A serious traffic accident changed Urick’s life at age 31. On Sept. 11, 1947, his car was hit head-on on N. Saginaw Road near Stanley Road. Pauline was among three people killed, and Urick hovered near death for 10 days. Serious head and pelvic injuries kept him hospitalized for five weeks. Four months later, a touching photo in The Journal showed a still-recuperating Urick at home in an easy chair, showing a scrapbook to his motherless boys, 5-year-old Vic and 2-year old Roger. He remarried in 1953 and had two more children, including a son, Kirk, who married Debbie Herzog, daughter of Major League manager Whitey Herzog.

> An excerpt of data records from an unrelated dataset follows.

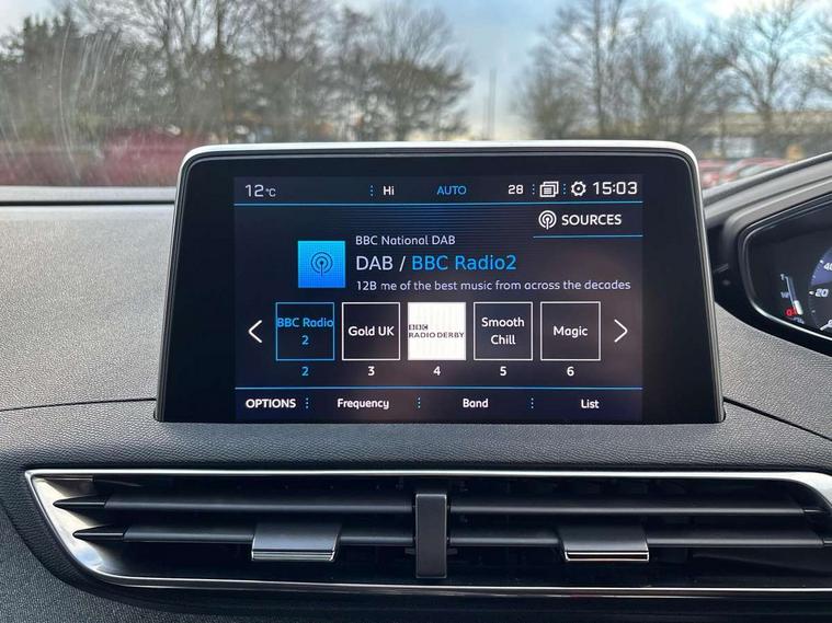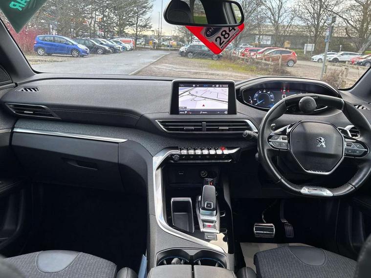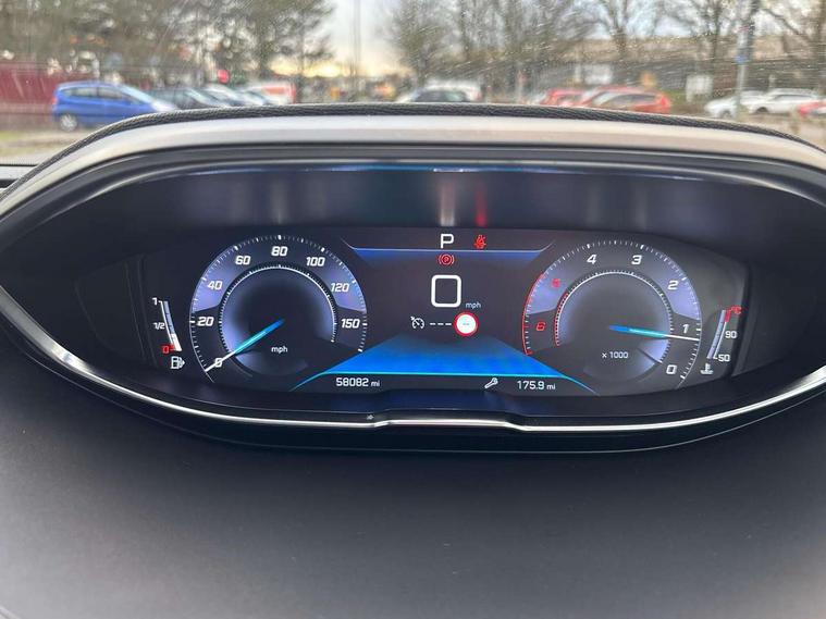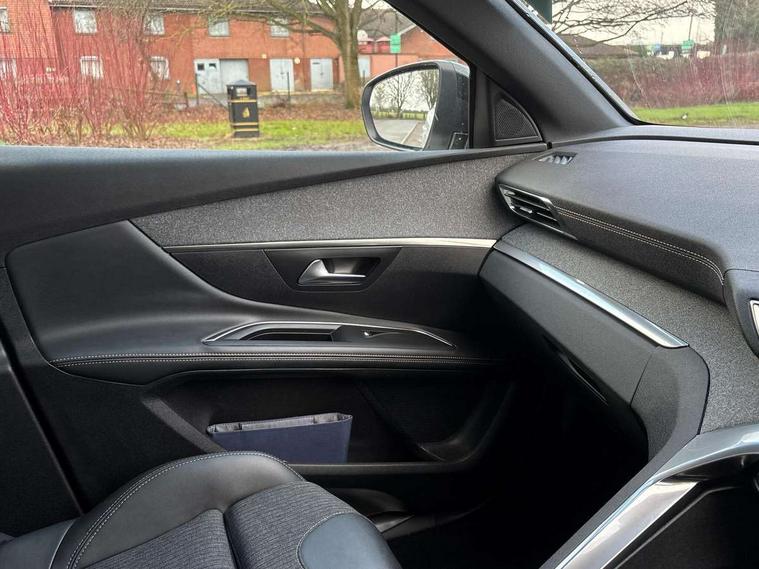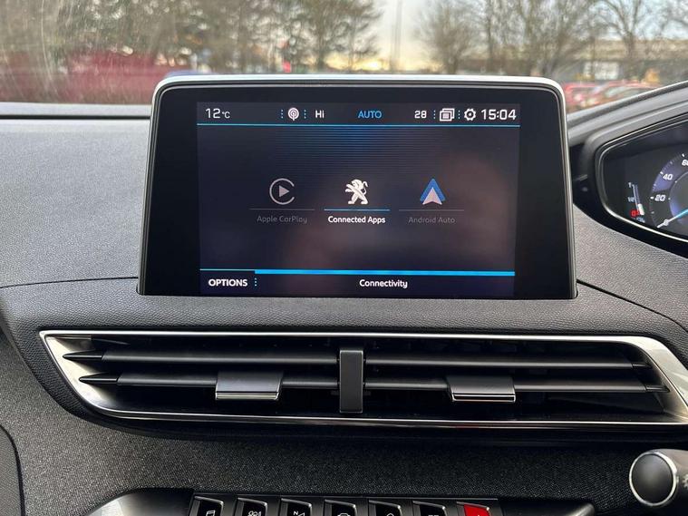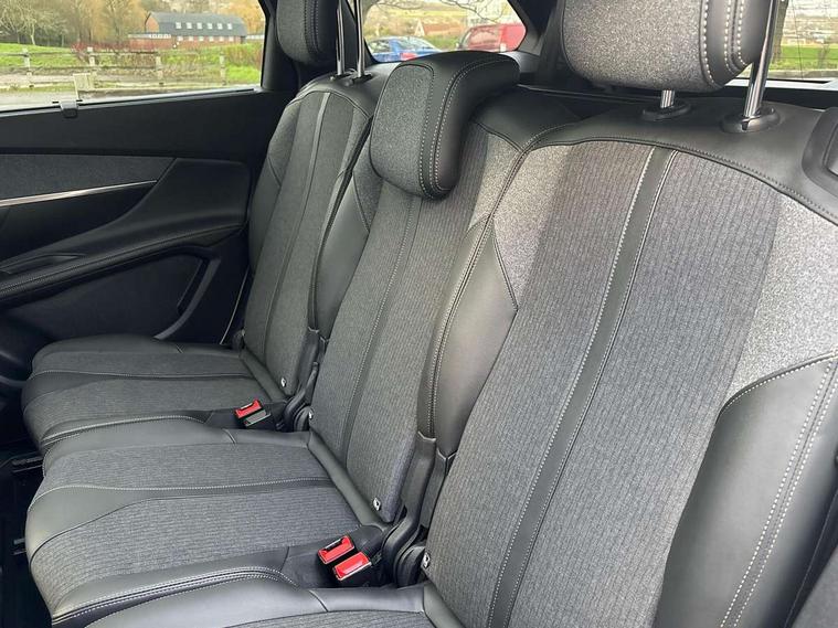 3D connected navigation + voice control, Auto start and stop system, Bluetooth telephone connection, Exterior temperature gauge with frost alarm, Headlight on warning buzzer, Lane departure warning system, Mirror screen with Apple CarPlay and Android auto, Multi function trip computer, Peugeot i-cockpit with 12.3" headup digital instrumental panel, 8.0" capacitive touch screen and compact sports steering wheel, PEUGEOT SOS and assistance, Smartphone wireless charging plate, Speed limit recognition, Sports button, Dynamic stability control, DAB Digital radio, MP3 connection, Steering wheel audio controls, USB socket, 2 X Rear number plate lights, Aluminium roof rails, Auto self levelling headlights, Automatic activation of hazard warning lights, Black front wing trim with chrome detail, Body colour door handles, Body coloured bumpers, Body coloured rear spoiler, Body protectors in black, Chrome front fog light surround, Chrome rear bumper scuff plate, Chrome trim to lower side windows, Dark tinted rear side and tailgate windows, Door mirror mounted LED Peugeot lion approach lights, Electric front/rear windows with one touch/auto up/down, Electrically heated door mirrors, Front windscreen wiper with magic wash cleaning system, Full LED headlights with LED fog lights with static cornering function, sports front bumper and grille, Gloss black B and C pillar and aerodynamic deflector trim, Gloss black rear cluster connecting strip, Gloss black windscreen surround, GT Line emblem in satin copper, Heated rear windscreen with integrated antenna, LED daytime running lights, LED sequential scrolling front indicators, LED side indicator lights integrated into door mirrors, Lion grey front bumper scuff plate, Nera black door mirrors, Panoramic opening glass roof with electric blind, Power folding door mirrors with indicator and auto dipping function in reverse gear, Radiator grille in chrome edge trim with chequered design and black 'PEUGEOT' lettering, Rear LED Peugeot signature 'Claw Effect' lights, Rear side window blinds, Rear windscreen wiper with auto activation when reversing, Stainless steel roof arches, Twin exhaust effect trim, Wheel arch protectors, 2 cupholders in front centre console, 2 individual folding 3rd row seats, 230V socket on rear centre console, 3 x 12V power sockets, 4 Grab handles retractable and damped, Aikinite stitching in armrest, gear lever and dashboard facia, Automatic dual-zone climate control, Blue ambient lighting for connecting zone, Blue ambient lighting to front door panels, central storage and cupholders, Blue ambient lighting to head up instrument panel, Electric power steering with reach and rake adjustable steering column, Flat folding rear seats, Flocked front door pocket interior with blue ambient lighting, Flocked glovebox interior, Fold flat front passenger seat with picnic table, Front central armrest with butterfly-wing opening and storage compartment, Front interior light with 2 reading spotlights and rear interior light with timer, Front passenger seat height adjust, Front passenger seat manual adjustment in longitudinal and back rest angle, Gear shift indicator, Headrests on 2nd/3rd row seats, Heating/air conditioning outlet in rear, Illuminated glovebox, Illuminated vanity mirror, Imila cloth/Leather upholstery, Interior lighting, Isofix child seat fittings x 3 in the second row, Map pocket on front seat backs, Mistral floor mats with Aikinite contrast stitching, Mistral full grain perforated leather steering wheel with aikinite stitch detail and satin chrome 'GT Line' emblem, Rear centre console with air vents, Rear reading lights x 2, Rear seat underfloor storage, Retractable parcel shelf, Roof lining - Mistral black, Satin chrome digital instrument panel and touchscreen trim, Satin chrome front door panel recess trim, Satin chrome gear lever, Satin chrome interior door handles, Satin chrome scorpion's tail and toggle switch trim, Seatbelt unfastened on the move audible and visual alert for front and rear seats, Twin rear coat hooks, Children's pack - 5008, Driver sport pack - 5008, Safety pack - 5008, Safety plus pack - 5008, Visibility pack - 5008, 3 Isofix location points, ABS + EBD + EBA, Adaptive driver and front passenger airbags including passenger airbag deactivation function, Electronic parking brake, ESP and ASR traction control with deactivation switch, Five 3 point rear safety belts, Front and rear curtain airbags, Front optimised safety headrests and rear retractable headrests (x3), height adjustable, Front seatbelt unfastened audible+visual warnings, Front side airbags, Front three point retractable seatbelts height adjustable with pre tensioners and force limiters, Front ventilated disc brakes, Hill start assist, Rear disc brakes, Rear three-point retractable seatbelts (x3) with pre-tensioners and force limiters in the outer rear seats, Tyre pressure monitor, Automatic door lock/re-lock after 30 seconds, Child lock control of rear doors and windows, Electric tailgate with Peugeot open & go system, Remote control central locking with two plip keys, Rolling code transponder immobiliser, Thatcham cat 1 ultrasonic alarm, Brumeo fabric interior trim, Satin chrome dash trim, 19" Washington two tone diamond cut alloy wheels with space saver spare wheel,
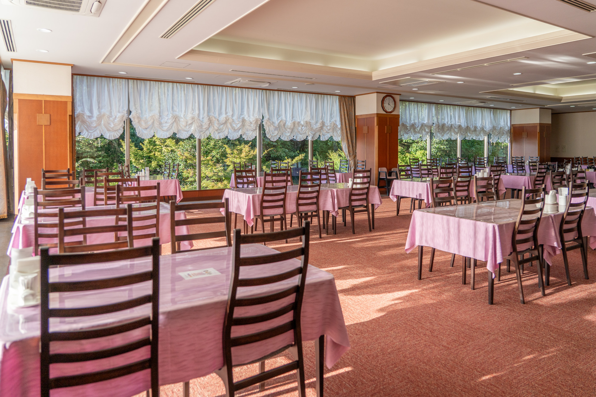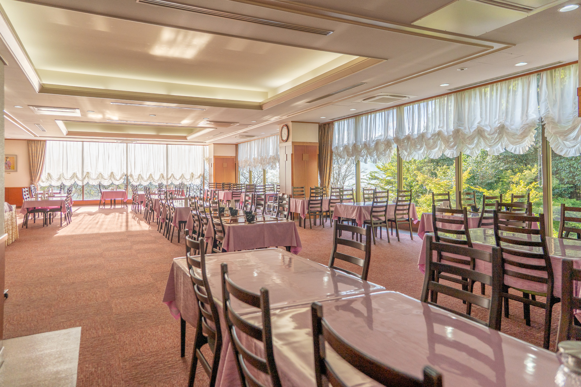 2面に大きな窓がある広々とした店内には、テーブルがゆったりと配置されています。窓際の席に座れば滝のある日本庭園や、春には吉井川沿いの桜も望むことができます。土・日曜日には関西圏から訪れる人も多く、開店前から行列ができるほどの人気。日帰り温泉入浴の前後に食事をする人だけでなく、お子さまメニュー(500円)もあるので、すぐ近くの「わけまろパーク」に遊びに来た子ども連れの家族の利用も増えているそう。
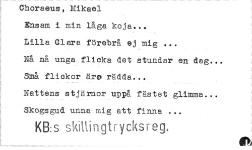 //// Choraeus, Mikael Ensam i min låga koja... Lilla Cl era förebrå ej mig ... Nå nå unga flicka det stundar en dag... Små flickor äro rädda... Nattens stjärnor uppå fästet glimma... Skogsgud unna mig att finna ... //// KB:S skillingtrycksreg. //// ___ i) ////

The accident led to a long, steady decline in Urick’s health. He contracted diabetes and lost a leg to the disease in the mid-1970’s. Doctors were considering amputating the other leg when Urick died on March 22, 1978. “He had a terrible time the last 25 years of his life,” said Vic. “We’d play golf and he’d conk out on us after a few holes, go into insulin shock. My brother or I would run up and get him a candy bar to revive him, then play the last five or six holes.”

But even illness and injuries couldn’t diminish Urick’s ability to hit. “We used to say our golf game was ‘hit and drag Steve,’ ” said Al. “He’d go under and we’d have to revive him. And the heat bothered him real bad, too. But, you know, that son of a gun would still out-hit us.”